Upcoming Potential Catalysts on the Economic Calendar for U.S. & Asia:

  • BOC Lane speech at 6:00 pm GMT
  • FOMC Meeting Minutes at 6:00 pm GMT
  • Australia Manufacturing & Services PMI at 11:00 pm
  • Japan Trade balance at 11:50 pm GMT
  • Japan Manufacturing & Services PMI at 12:30 am GMT (May 21)
  • RBA Governor Lowe speech at 2:30 am GMT (May 21)

What to Watch: AUD/JPY

AUD/JPY 1-Hour Forex Chart
AUD/JPY 1-Hour Forex Chart

AUD/JPY has been in full-on rally mode this week as positive global risk sentiment continues to dominate, fueled by lockdown easing and economic recovery hopes. 

But the pair did stall its rally over the last session, ranging somewhere in between the 70.00 – 71.00 area. So, the question now is will the pair breakout higher and resume the uptrend?

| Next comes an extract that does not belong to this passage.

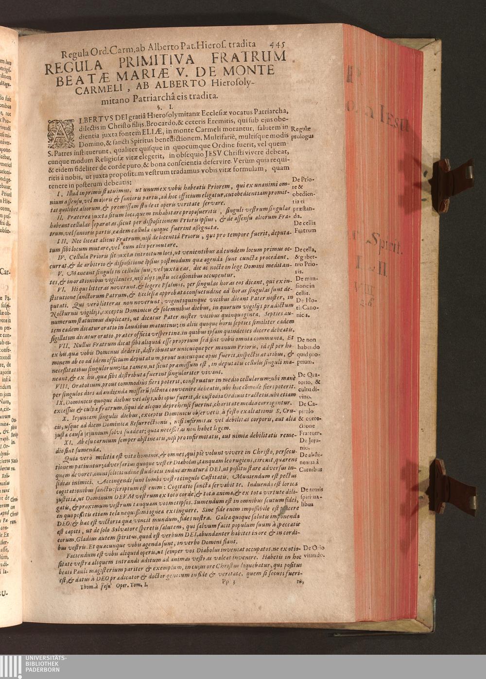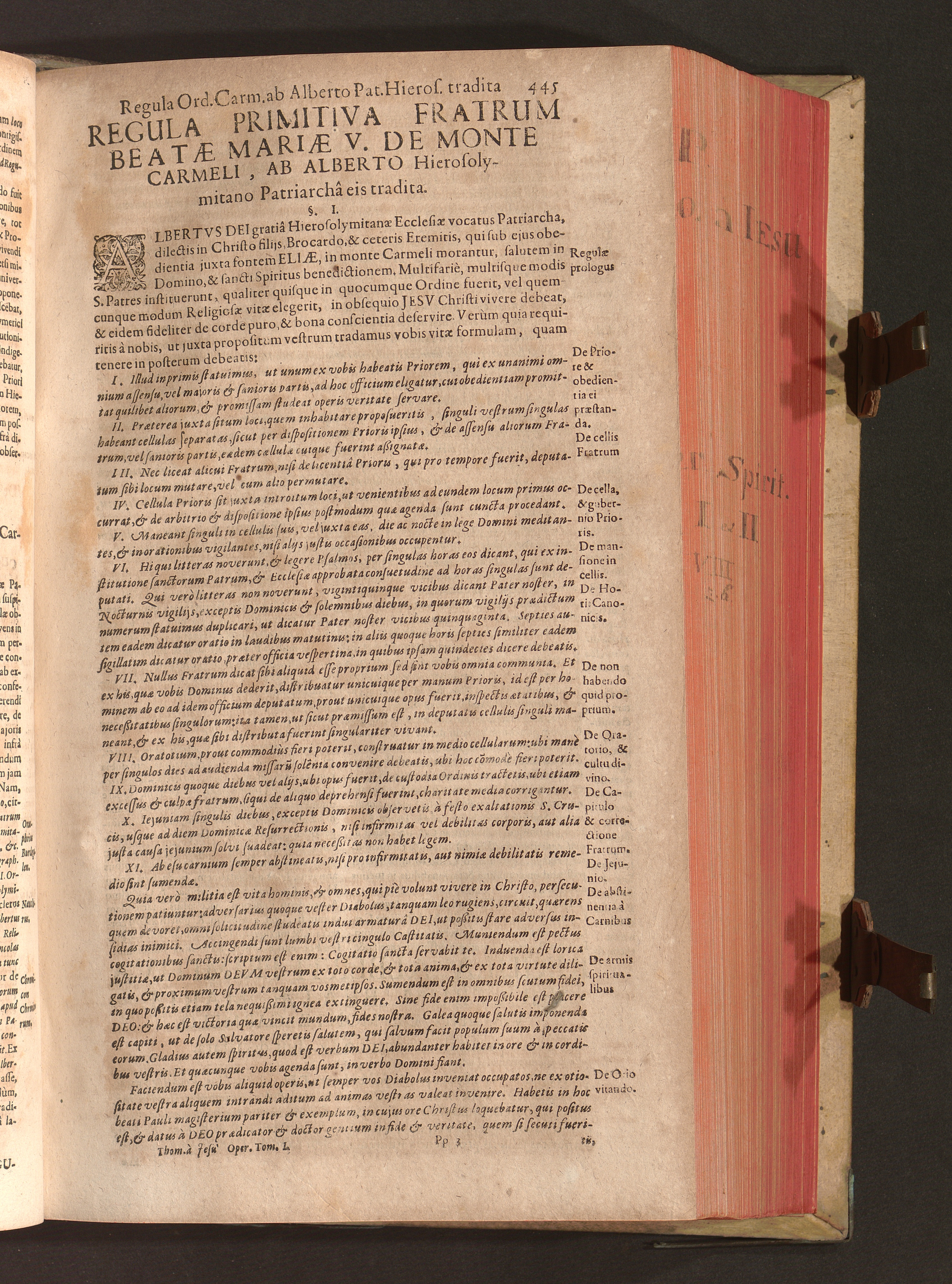 Regula Primitiva Fratrum Beatæ Mariæ V. De Monte Carmeli, Ab Alberto Hierosolymitano[...]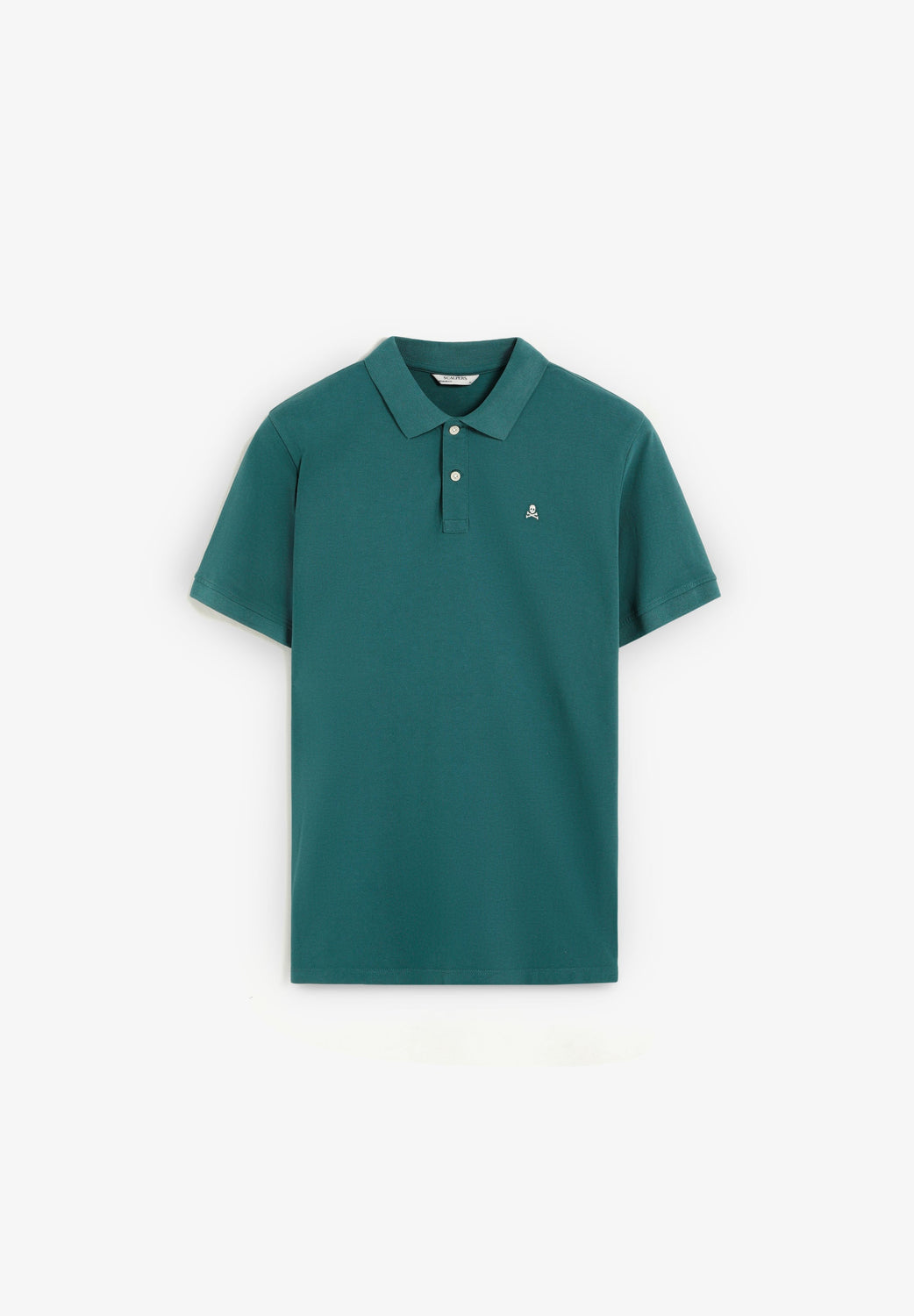 Polo de piqué confeccionado en 100% Algodón Orgánico. Manga corta. Corte Regular. Tapeta de dos botones. Cuello y puños de canalé. Calavera bordada a contraste en el pecho.

Well, a big part of answering that question is the broad global risk environment, which is likely to stay in risk-on mode in the short-term given the geopolitical catalysts mentioned above.

It’s not likely until we see whether or not coronavirus cases spike higher or drop as a result of the re-opening that global risk sentiment will change.

So, the odds are that the uptrend will hold, but the PMI data coming up from Australian and Japan may shift the traders’ bias on the pair. Depending on the numbers, we may see a short-term shift in bias on AUD/JPY.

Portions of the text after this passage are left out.